In the development of the feeding model, Humphrey said the team first analyzed the results of 221 previous neonatal pig trials from the last 30 years throughout the organization. “We then built 10 additional trials, which were completed during the past 15 months, and which validate the effectiveness of the program,” said the Cargill swine expert.

The team also ran six sow lactation trials involving 2,795 sows in 2012 as part of the development phase, he said.

“And to support piglet feed preference, we used our learnings from animal trials to understand which ingredients and optimal inclusion levels were required,” said the swine expert.

Following the initial laboratory and trial results, the neonatal program was tested by customers in Germany and Korea to ensure it was effective.

Such in-field trials, said the company, demonstrated that the average piglet birth weight, in some cases, increased from 1.3kg to 1.7kg, while average weaning weight went from 6.5kg to 8 kg. 

"The neonatal piglet program is going to be rolled out globally," said Humphrey," and Cargill is currently working to tailor it to suit pork producers in environments with low or no usage of antibiotics or heavy metals.” 

Tackling sow nutrition

Meanwhile a study published in the June 2014 edition of the journal Livestock Science showed linseed oil in the maternal diet positively influenced piglet pre-weaning growth.

The Belgian researchers say supplementing sow gestation and lactation diets with n−3 polyunsaturated fatty acids (PUFA), and especially docosahexaenoic acid (DHA), can be beneficial, as these PUFA are essential for the development of the foetus. 

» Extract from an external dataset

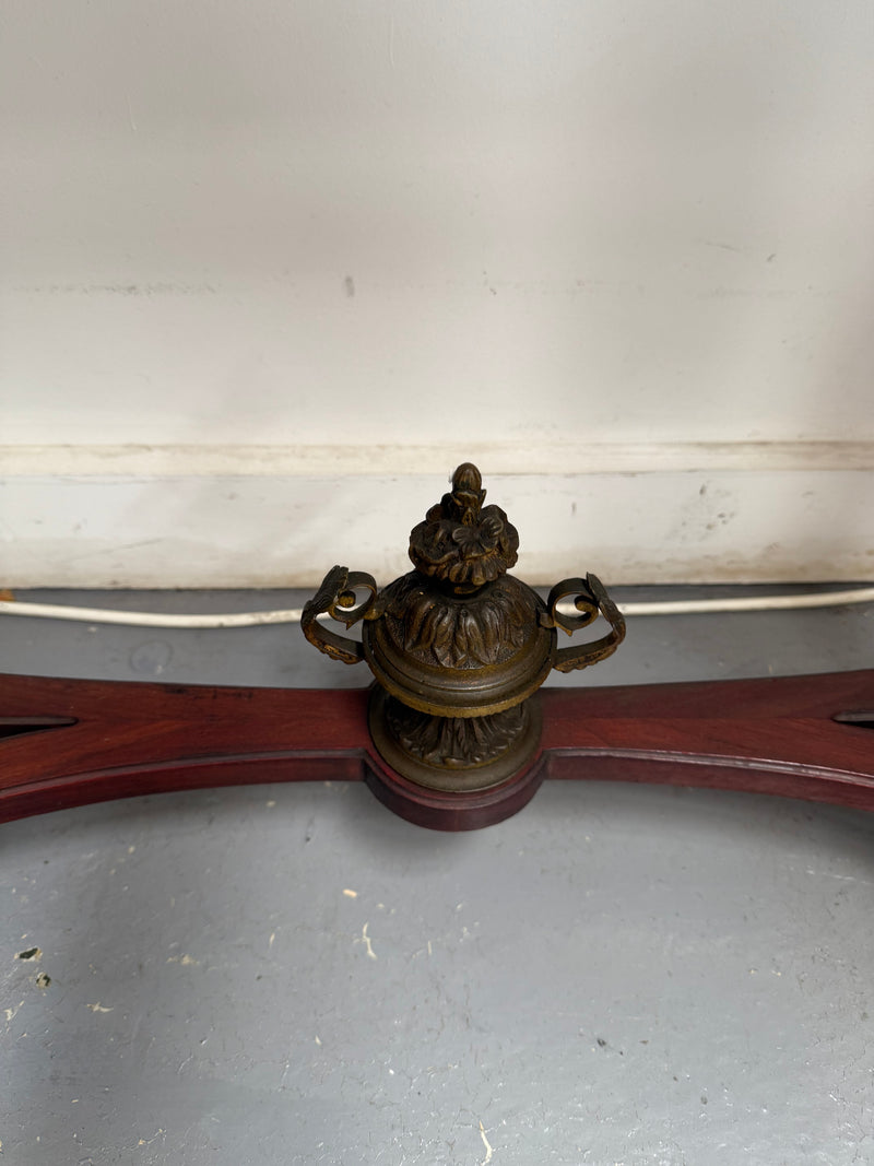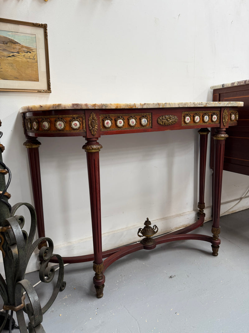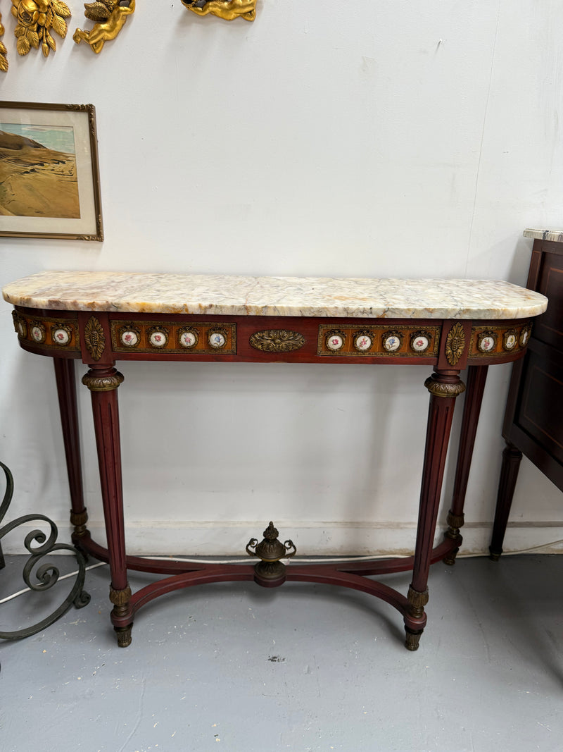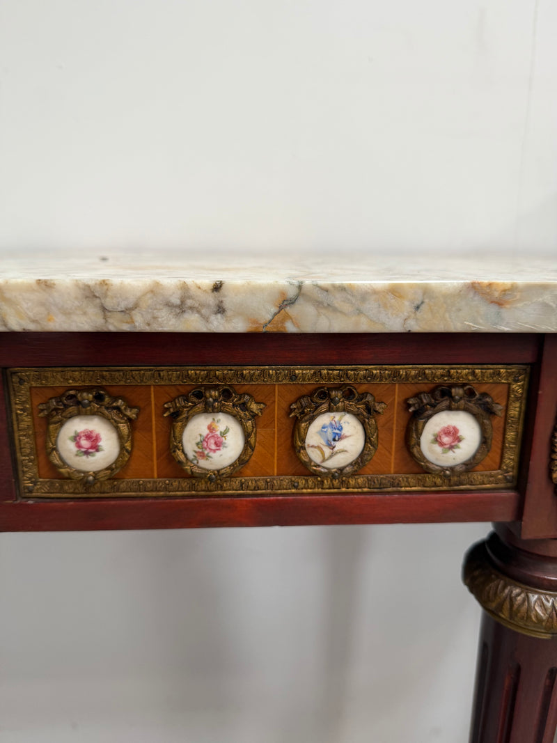 Attractive Mahogany console table with marble top and ormolu trims, and Limoges style ceramic panels. In the French style. This is one of a pair but they are priced separately at $1495 each.

Docosahexaenoic acid, said the authors, can be directly supplied from the maternal diet through addition of fish oil, or it may result from the conversion of dietary precursors such as alpha-linolenic acid by the addition of linseed oil.

Recent studies assessing the effects of n−3 PUFA on sow reproduction have produced equivocal results, the authors said. So, with that in mind, they decided to investigate the effects of linseed oil and fish oil in the maternal diet of a large number of sows - 734 sows in total - on their reproductive performance in the current and subsequent gestation. 

They also looked at the effect of diet on the farrowing process, piglet weight and vitality. 

From day 45 of gestation and during lactation, sows were fed a palm oil diet or one of six n−3 PUFA diets, each containing different concentrations - 0.5%, 1% or 2% - of linseed oil, fish oil or their combination.

The results showed that sows fed linseed oil had 0.9 more live born piglets and 0.5 more weaned piglets compared to fish oil fed sows. In the subsequent gestation, linseed oil fed sows had 1.3 and 1.5 more live born piglets compared to sows fed fish oil or palm oil, respectively.

No dietary effects were observed on piglet birth weight and litter weight, but linseed oil supplementation resulted in a higher piglet weight and litter weight at 5 days of age, compared to piglets from sows fed fish oil or palm oil, said the researchers. 

Adding n−3 PUFA to the maternal diet had no effect on piglet vitality, they added, but it increased the duration of farrowing.